Созвонились с саратовским госпиталем. Попросили прислать к ночи растворы и лекарства. Там, где-то далеко, люди стремились сделать все, что возможно.
      В сущности, дело было поставлено, контролировать его мог бы реаниматолог. Я мог уезжать, выполнив свою задачу консультанта. Поезд на Саратов отходил в 4 вечера. Но уверенности не было, и как-то так получилось, что я незаметно для себя стал частью этой семьи. Я чувствовал, как хотели они, чтобы я остался, и сказал, что сегодня не уеду.
      Видя оживление сына, осторожно разъяснил ему, чтобы он не обольщался достигнутым маленьким успехом. Если с матерью все же случится самое страшное, то не оттого, что с ней, а оттого, что продолжается все это слишком долго для 70-летнего человека. Он понял, огорчился, подошел к матери, посидел возле нее. Она проснулась на минутку, тихонько сказала ему что-то ласковое и, подложив его руку себе под щеку, снова уснула… «Давайте вместе… до конца»,— сказал он мне.
       Он предложил мне прилечь. Я отказался — слишком велико было внутреннее напряжение, чтобы я смог уснуть сейчас. Тогда он попросил дать ему часок соснуть. Так и порешили.
      В обед пришла и немного посидела возле бабушки черноглазая внучка-девятиклассница — дочь младшего сына. Он ушел из своей первой семьи, но девочка к бабушке ходила.
      После уроков из школы вернулся мальчик, которого я видел еще утром, — сын среднего сына. Росточком мал, но в шестом классе. Он вслушивался в разговоры взрослых, при каждом ухудшении в состоянии больной оказывался где-то рядом или сидел возле нее, как маленький старичок.
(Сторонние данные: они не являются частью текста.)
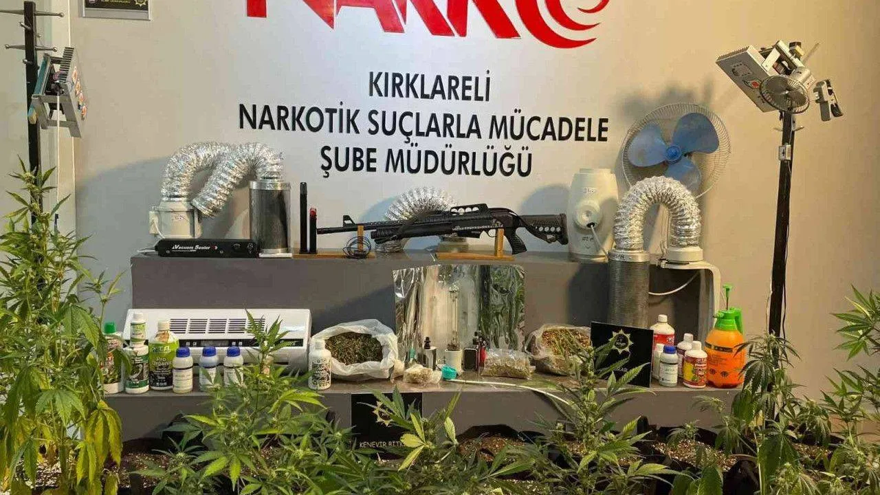 Alınan bilgiye göre, Lüleburgaz ilçesinde B.Ş.U. isimli şüphelinin evinin odasına kurduğu iklimlendirme sistemiyle Hint keneviri yetiştirdiği bilgisine ulaşan İl Emniyet Müdürlüğü Narkotik Suçlarla Mücadele Şubesi ekipleri çalışma başlattı. Şüpheliye yönelik Narkotik Suçlarla Mücadele Daire Başkanlığı koordinesinde operasyon düzenlendi. Düzenlenen operasyonda uyuşturucu üretiminde kullanılan bitki yetiştirme kabini, renkli led lamba, termometre, nem düzenleyici, fan, pH ölçer, bitki hormon ilacı ile 2 kilo 200 gram esrar, 25 saksıda ekili Hint keneviri, av tüfeği, silaha ait 2 şarjör ve 6 fişek ele geçirildi.

      В узкой проходной комнате на низкой широкой кровати все это время сидели две-три старухи – в платках и валенках, тихо переговариваясь и молясь. Они не вмешивались в происходящее, но можно было заметить, что их живо интересует все, что происходит у постели больной. Иногда кто-либо из них подходил к ней, присаживался на сундук и неслышно сидел там. Приходили и соседи, и соседские дети. Казалось, что для нас она еще жила, а для них уже уходила…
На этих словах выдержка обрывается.